== EXTRACTED ENTRIES ==

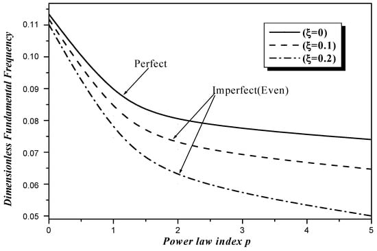 As is also visible in Figure 2, an increased material power index enables a monotonic reduction of the natural frequencies for both perfect and imperfect FG plates, which is even more pronounced for an increased porosity level, . In this case, we evaluate only the first vibration mode of the structure, accounting for both a perfect or imperfect structure with even distributions of porosities. As expected, a perfect structure features higher frequencies with respect to an imperfect one, under the same assumptions for the power law index .
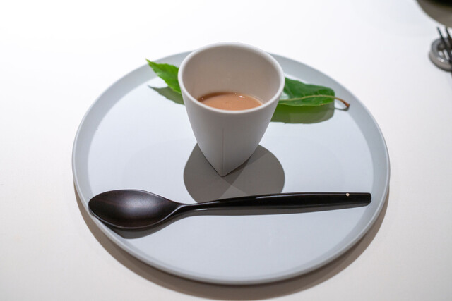フレンチの鮎スープはビスクのような濃厚仕立てが多いですが同店はお椀のよう。
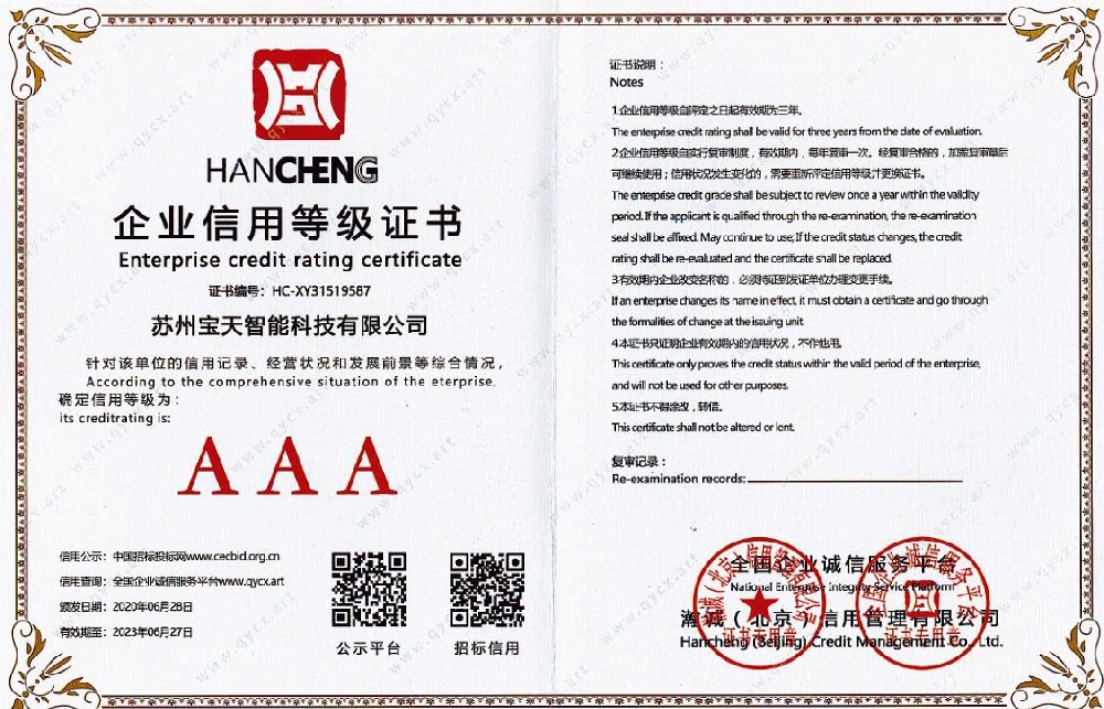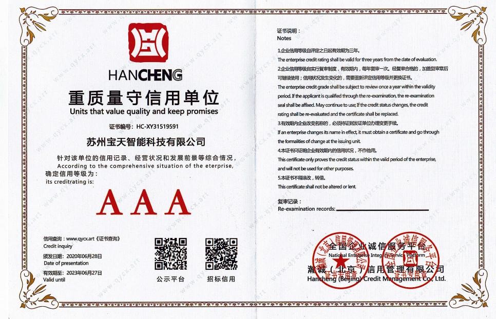 • AAA 級企業信用等級證書
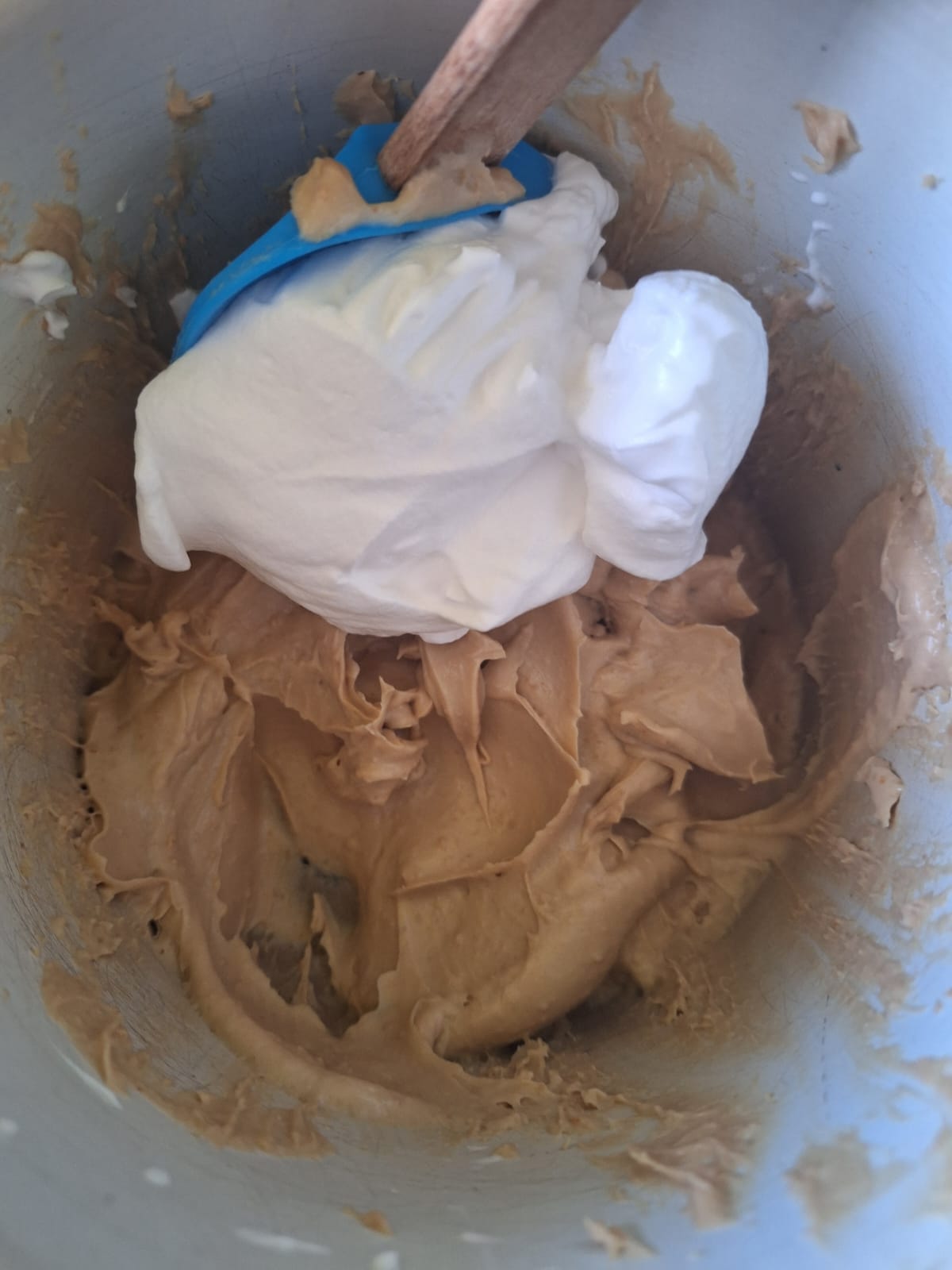Retira el film y decora. Si te sobra algo de crema, decora con una manga pastelera y unos granos de café.
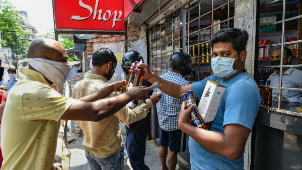 कर्नाटक के कोलार में लोगों ने शराब बिकने की खुशी में शराब की दुकान के बाहर जमकर पटाखे जलाए। एक व्यक्ति हाथ में लेकर पटाखे जला रहा है, वह शराब मिलने की खुशी में डांस भी करने लगता है। कुछ लोग तो शराब को हाथ में उपर उठाकर जीत का जश्न भी मनाते हुए दिखे। कुछ ऐसा ही हाल देश के तमाम इलाकों में देखने को मिला।
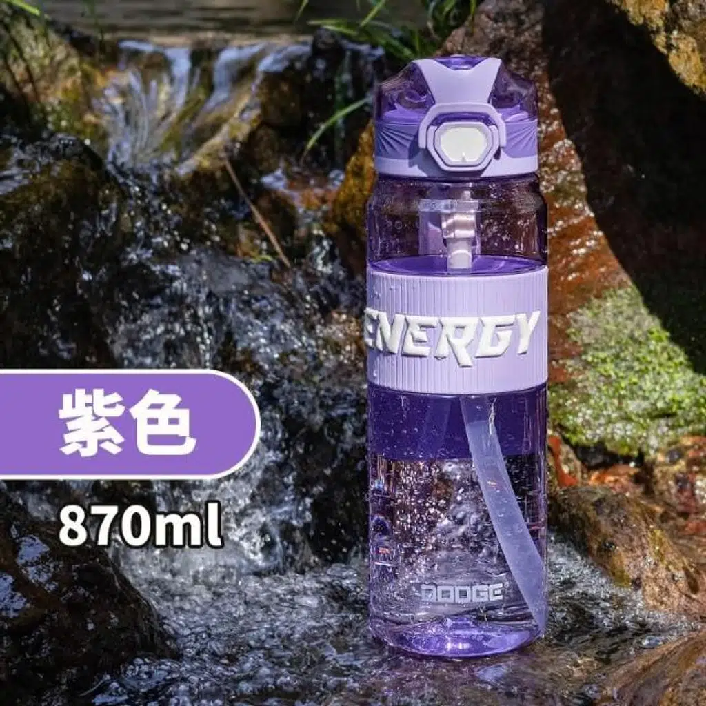 Dodge Su Matarası Tritan Silikon Kemerli, Şeffaf Kilitli Kapaklı, Sızdırmaz, Dayanıklı, Hafif, BPA İçermeyen Su Şişesi Mor 870Ml

== WORK REQUIRED ==
Your copy should hold exactly the lines from the one with "Retira el film" through the final line of the records, both ends included, and no pictures.

== TASK ANSWER ==
Retira el film y decora. Si te sobra algo de crema, decora con una manga pastelera y unos granos de café.
 कर्नाटक के कोलार में लोगों ने शराब बिकने की खुशी में शराब की दुकान के बाहर जमकर पटाखे जलाए। एक व्यक्ति हाथ में लेकर पटाखे जला रहा है, वह शराब मिलने की खुशी में डांस भी करने लगता है। कुछ लोग तो शराब को हाथ में उपर उठाकर जीत का जश्न भी मनाते हुए दिखे। कुछ ऐसा ही हाल देश के तमाम इलाकों में देखने को मिला।
 Dodge Su Matarası Tritan Silikon Kemerli, Şeffaf Kilitli Kapaklı, Sızdırmaz, Dayanıklı, Hafif, BPA İçermeyen Su Şişesi Mor 870Ml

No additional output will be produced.